The properties and performance of commercial polymers depend strongly upon both the molecular scale architecture of the chains and the manner in which they are processed to form engineering materials. Polyolefins in particular owe much of their utility to the spectrum of semicrystalline morphologies that can be realized. The development of semicrystalline morphology is controlled through processes of crystal nucleation and growth as the polymer is cooled from the melt, in either the presence or absence of process flows. Due to the small spatiotemporal scales involved, however, it remains a challenge to examine these processes directly and determine their underlying physical mechanisms.

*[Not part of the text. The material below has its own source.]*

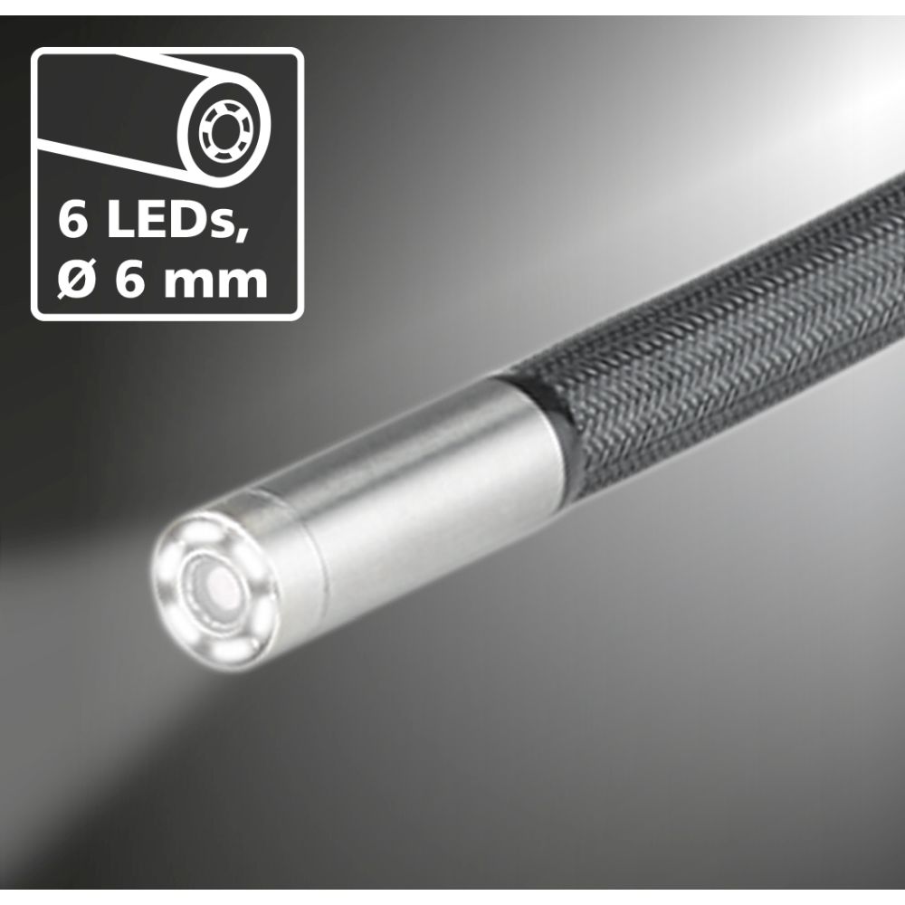 Beschreibung:Diese steuerbare Kameraeinheit für den VideoInspector 3D mit 2 Meter langer Sonde bietet hohe Flexibilität bei komplexen Arbeiten und ist optimal für kleine Öffnungen. Per 3D-Steuerung lässt sich der wasserdichte Titan-Kamerakopf mit einer maximalen Beweglichkeit von 160° schnell auf die optimale Perspektive justieren. Damit können schwer zugängliche Stellen untersucht werden, die mit starren Kamerasystemen nicht sichtbar sind. Durch die Objektausleuchtung mit sechs Keramik Hochleistungs-LEDs lassen sich auch unter schlechtesten Bedingungen klare Aufnahmen erzielen.

In this talk, we describe the use of molecular dynamics and Monte Carlo simulations to characterize nucleation and growth of a new crystal phase from the polymer melt. Homogeneous nucleation is analyzed in terms of classical nucleation theory using a method based on mean first passage times (MFPT) of crystalline clusters of varying size. This MFPT analysis is then applied in two dimensions within layers near a crystal surface, to examine the so-called secondary (or surface) nucleation theory for chain molecules; within this analysis, crystal growth can be decomposed into sequential and simultaneous processes of surface cluster nucleation and spreading of the crystal cluster across the growth front. Finally, we introduce the effects of flow fields typical of polymer processes, and examine the phenomenon of flow-enhanced nucleation (FEN). In accord with experiments, substantial acceleration of the nucleation rate is observed as the system approaches a Weissenberg number (Wi) of unity. The acceleration is consistent with reduced entropy of the flow-oriented melt, but one also observes significant amplification of the rate pre-factor above Wi=1, indicative of enhanced transport effects. Application of these approaches to the study of crystallization of polymers under other conditions of contemporary interest appears promising, and may serve to shed new light on fundamental questions within the field of polymer crystallization in engineering applications.